İmgeleme dualarda da sık sık kullanılan bir yöntemdir. Dua edeceğimiz mekanlardaki ikonlar, şiirsellik, müzik ve ayinler bu amaca hizmet eder. Ancak imgeleme, dua kontekstinin dışında da etkili bir biçimde kullanılabilir. Bu içsel süreci imgeleme ya da dua olarak düşünmenin arasındaki tek fark daha üstün bir güçten, Tanrı'dan mı yoksa bilinçdışı zihninizden mi karşılık bekledi ğinizdir.

Şifayla ilgili olarak dua genellikle kutsal bir müdahale çağrısı olarak görülür. Halbuki diğer dua türleri daha etkili bili olabilir. Duadan yararlanan şifacıların çalışmaları, duanın getirilen belirlenmediği takdirde daha etkili olabileceğini göstermiştir. Örneğin şifa yeteneğine sahip olduğuna inanılan insanlardan verimliliği artırmaları için tohumlara dua etmesi istenmiştir. Şifacılar bir grup tohum için hızlı gelişme ve verimliliğe yönelik dualar etmiştir. İkinci tohum grubu için ise yalnızca "hayırlı olsun" şeklinde genel dualar edilmiştir. İkinci tohum grubu, ilkine oranda bütünüyle daha hızlı bir gelişme kaydetmiştir.

Şifa için dua ederken genellikle yaşadığımız bir şeyin mesela hastalığın son bulmasını isteriz ya da yaşadığımızı hissettiğimiz bir şeyin, mesela şifanın başlamasını dileriz. Bedenimizin yeniden tesis edilmesini ya da bütünlüğe geri dönmesi için dua ederiz. Hastalıktan önceki haline gelmesini dileriz. Aynı zamanda sofu bir kişi hastalığın Tanrı'nın isteği olduğuna ya da aslında varolmadığına inanması mümkündür. Bir tarafta kabul diğer tarafta direnç arasındaki bu belirgin çelişkiyi nasıl çözümleyebiliriz?

İmgeleme dünyasında da benzer bir çelişki mevcuttur. İmgeleme ve vizüalizasyonu şifa için kullanan insanlar da ikiye bölünmüştür. İmgelenenler konusunda çok spesifik olunması gerektiğine inananlar da vardır. Şifayı dileyip onun kendiliğinden gelişmesine izin vermeyi öngörenler de vardır. İnsanlardan bazıları imgelemenin evrene, bilinçdışı zihne ya da en azından bedene yapılan bir çağrı olduğuna inanır. İmgelemenin açık, güçlü, kesin ve ısrarlı bir biçimde yapılması halinde bedenin karşılık vereceği düşünülür. Bu tür insanlar imgelemenin çok spesifik olması gerektiğinde ısrarcıdır. Zihninizdeki sürecin kendi kontrolünüz altında gerçekleşmesini ve şifanın imgelediğiniz şekilde kaçınılmaz olarak gerçekleşeceğini öngörürler. Kaşıkları eğmesi ve psişik güçleri ile dünya çapında şöhrete kavuşan Uri Geller'in söylediği gibi: "Onu gerçekten de oluyormuş gibi olurken imgeleyin." Öte yandan imgelemeyi ya da vizüalizasyonu bir çeşit çağrı olarak algılayanlar da vardır. Olmasını istediğiniz şeyleri açık bir biçimde imgelediğinizde gerçekleşmesinin çok büyük ihtimal olsa bile garanti olmadığına inanırlar.

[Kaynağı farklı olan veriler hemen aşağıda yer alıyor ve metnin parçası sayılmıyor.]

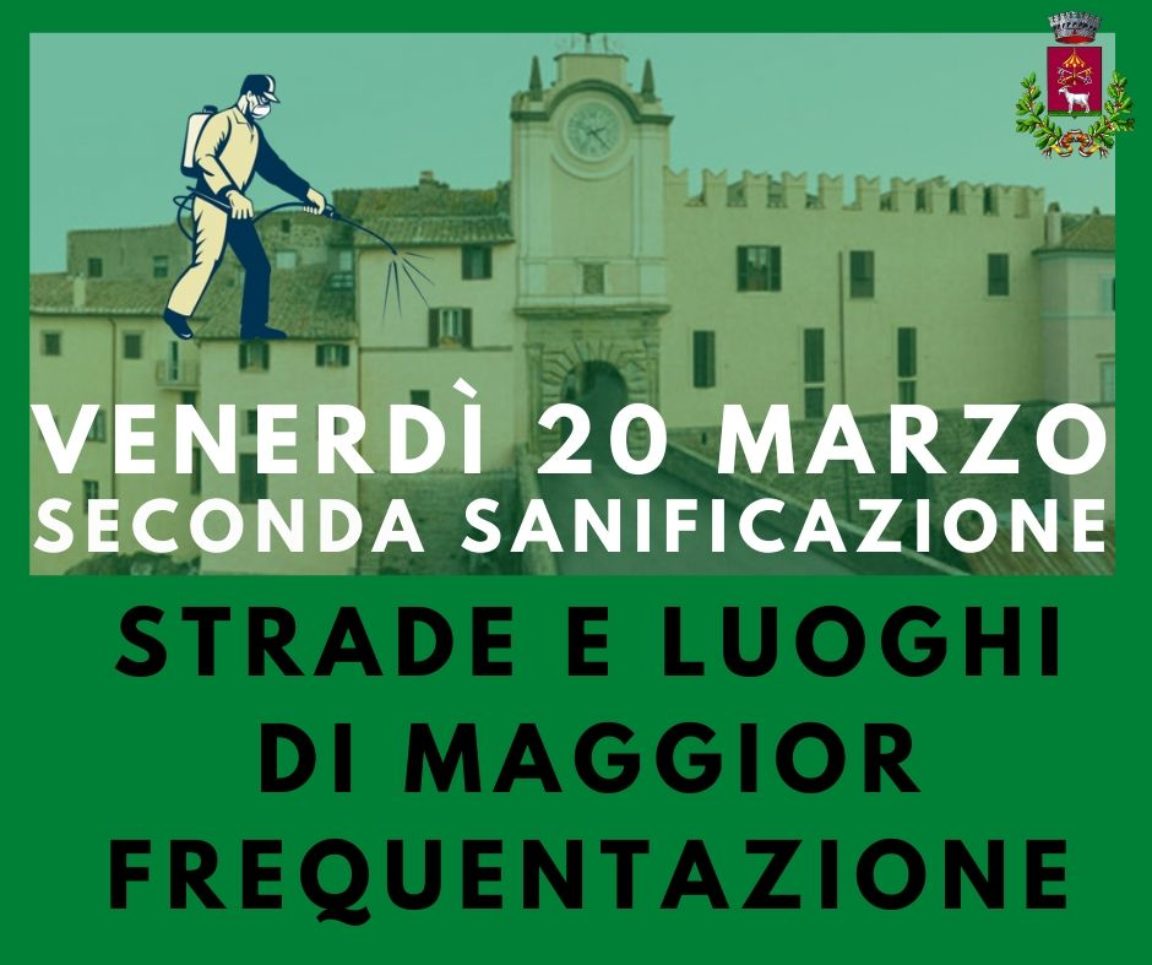 Si informa la cittadinanza che oggi una ditta specializzata a partire dalle ore 14:30 svolgerà la seconda sanificazione delle strade e degli spazi pubblici maggiormente frequentati con prodotto disinfettante.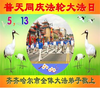 普天同庆“五一三”世界法轮大法日! 我们一定努力做好三件事,多学法,学好法,修好自己,多救众生,助师正法,兑现誓约。 黑龙江省齐齐哈尔市龙沙区三人学法组大法弟子敬上! 黑龙江省齐齐哈尔市全体大法弟子恭祝伟大师尊生日快乐!

Dua ettiğinize mi yoksa basitçe imgeleme tekniğini mi kullandığınıza dair bu iki yaklaşımı karıştırabilmenin mümkün olduğuna inanıyorum. Hem dua hem de imgeleme için uygun olan "Rossman bahis dağılımı" yöntemini öneriyorum. Riskinizi böylelikle de en aza indirebilirsiniz. Dua ediyorsanız şöyle dua edebilirsiniz: "Ulu Tanrım, yaşamım boyunca bana sunduğun tüm nimetlerin için teşekkür ederim. Verdiğin sağlık için teşekkür ederim. Sunduğun yaşam için teşekkür ederim.Sana şükürler olsun. Eğer uygun görürsen lütfen ... (buraya duanızı, vizüalizasyonu ya da çağrıyı ekleyin)" İmgeleme tekniğini kullanıyorsanız aynı tutumu sergileyin: "Bunu gerçekleşmesini sağlayıp sağlayamayacağımı bilmiyorum. Ancak mümkünse bunun gerçekleşmesini istiyorum." Bir diğer ifadeyle size kalsaydı nasıl gerçekleşmesini istediğinizi imgeleyebilirsiniz. Sizin kararınıza bağlı değilse de kendi akışı içinde gerçekleşir.Bu yaklaşımın, arzuladığı sonuçlara ulaşmakta başarısızlığa uğramaktan korktu­ğu için imgeleme tekniği kullanmakta çekinen insanlar için çok faydalı olacağına inanıyorum. Şifa üzerinde ne kadar etkimizin olacağım bilemeyiz. Ancak sınırları zorlamadıkça bilebilmemiz de mümkün değildir.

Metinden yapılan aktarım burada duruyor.